Try it: Your reply should be the entries, output word for word, with each picture omitted.
____________
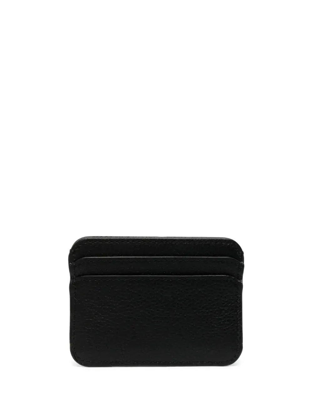 Черный, телячья кожа, зернистая текстура, строчка в тон, золотистый металлический логотип, отделения для карт и тисненый логотип внутри.
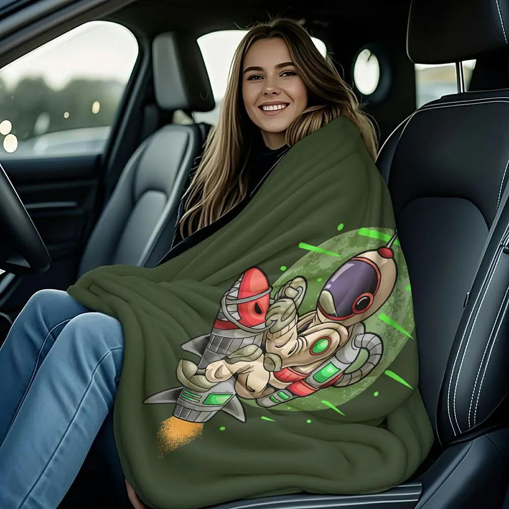 Introducing our Astronaut Riding Rocket Pattern Multipurpose Throw Blanket! Featuring a dynamic design of an astronaut riding a rocket, this blanket is perfect for adding a sense of adventure and cosmic fun. It can be used as a nap blanket, sofa blanket, travel blanket, picnic blanket, camping blanket, beach blanket, or car blanket. Made from soft fabric, it offers comfort while bringing an exciting, space - themed vibe to any occasion.
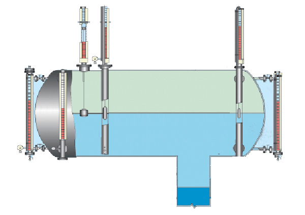 帶伴熱式磁浮子液位計根據浮力原理和磁性耦合作用原理工作的。當被測容器中的液位升降時,液位計主導管中的浮子也隨之升降,浮子內的磁鋼通過磁耦合傳遞到現場指示器,驅動紅白翻柱轉180°,當液位上升時,翻柱由白色轉為紅色,當液位下降時翻柱由紅色轉為白色,指示器的紅、白界位處為容器內介質液位的實際高度,從而實現液位的指示。
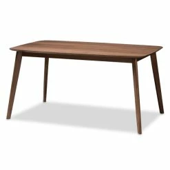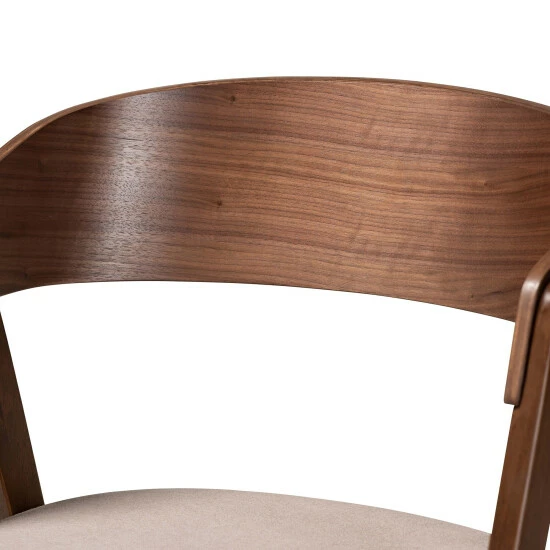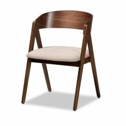 Establish a charming arrangement in your dining room with the modern design of the Danton dining set. Made in Malaysia, this dining set includes four chairs and one table constructed from wood showcasing a warm, walnut brown finish. Each chair features a curved backrest for solid back support, while a plush, fabric upholstered seat brings superb comfort to every meal. Requiring assembly, the set includes a rectangular tabletop designed to comfortably seat four. Angled legs lend a cool, retro look…
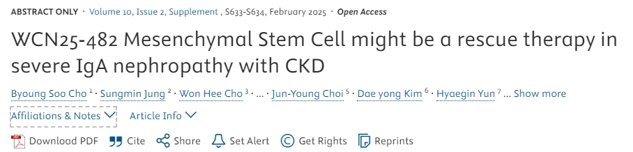 WCN25-482 Mesenchymal Stem Cell might be a rescue therapy in severe IgA nephropathy with CKDCho, Byoung Soo et al.Kidney International Reports, Volume 10, Issue 2, S633 – S634
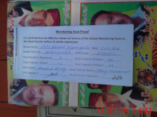 | EMIS Code: 31320277 | Name of School: GPS MOADIB NIZAM WALA | |||
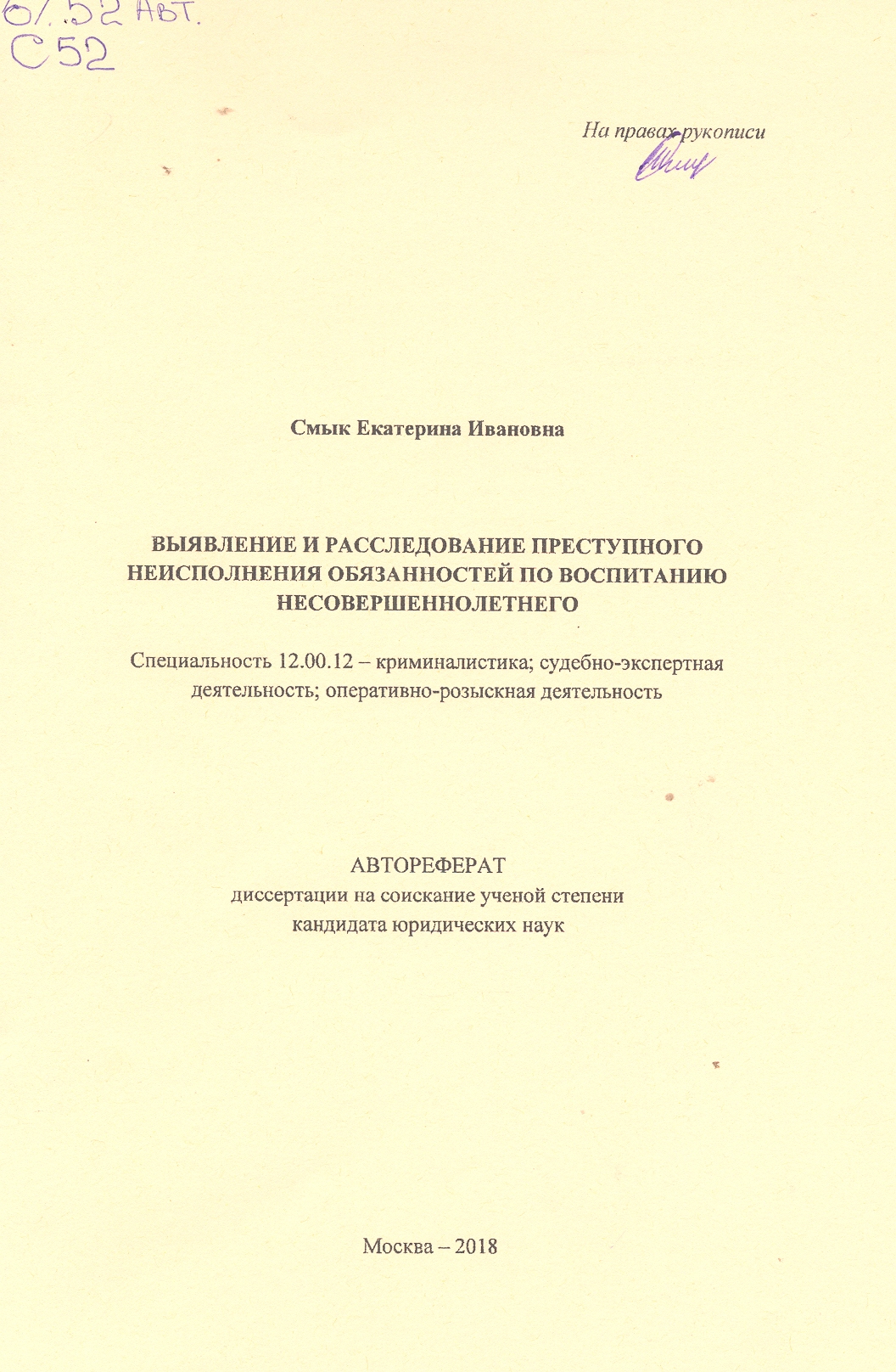 Выявление и расследование преступного неисполнения обязанностей по воспитанию несовершеннолетнего: автореферат : 12.00.12
____________
Written solution:
 Черный, телячья кожа, зернистая текстура, строчка в тон, золотистый металлический логотип, отделения для карт и тисненый логотип внутри.
 Introducing our Astronaut Riding Rocket Pattern Multipurpose Throw Blanket! Featuring a dynamic design of an astronaut riding a rocket, this blanket is perfect for adding a sense of adventure and cosmic fun. It can be used as a nap blanket, sofa blanket, travel blanket, picnic blanket, camping blanket, beach blanket, or car blanket. Made from soft fabric, it offers comfort while bringing an exciting, space - themed vibe to any occasion.
 帶伴熱式磁浮子液位計根據浮力原理和磁性耦合作用原理工作的。當被測容器中的液位升降時,液位計主導管中的浮子也隨之升降,浮子內的磁鋼通過磁耦合傳遞到現場指示器,驅動紅白翻柱轉180°,當液位上升時,翻柱由白色轉為紅色,當液位下降時翻柱由紅色轉為白色,指示器的紅、白界位處為容器內介質液位的實際高度,從而實現液位的指示。
 Establish a charming arrangement in your dining room with the modern design of the Danton dining set. Made in Malaysia, this dining set includes four chairs and one table constructed from wood showcasing a warm, walnut brown finish. Each chair features a curved backrest for solid back support, while a plush, fabric upholstered seat brings superb comfort to every meal. Requiring assembly, the set includes a rectangular tabletop designed to comfortably seat four. Angled legs lend a cool, retro look…
 WCN25-482 Mesenchymal Stem Cell might be a rescue therapy in severe IgA nephropathy with CKDCho, Byoung Soo et al.Kidney International Reports, Volume 10, Issue 2, S633 – S634
 | EMIS Code: 31320277 | Name of School: GPS MOADIB NIZAM WALA | |||
 Выявление и расследование преступного неисполнения обязанностей по воспитанию несовершеннолетнего: автореферат : 12.00.12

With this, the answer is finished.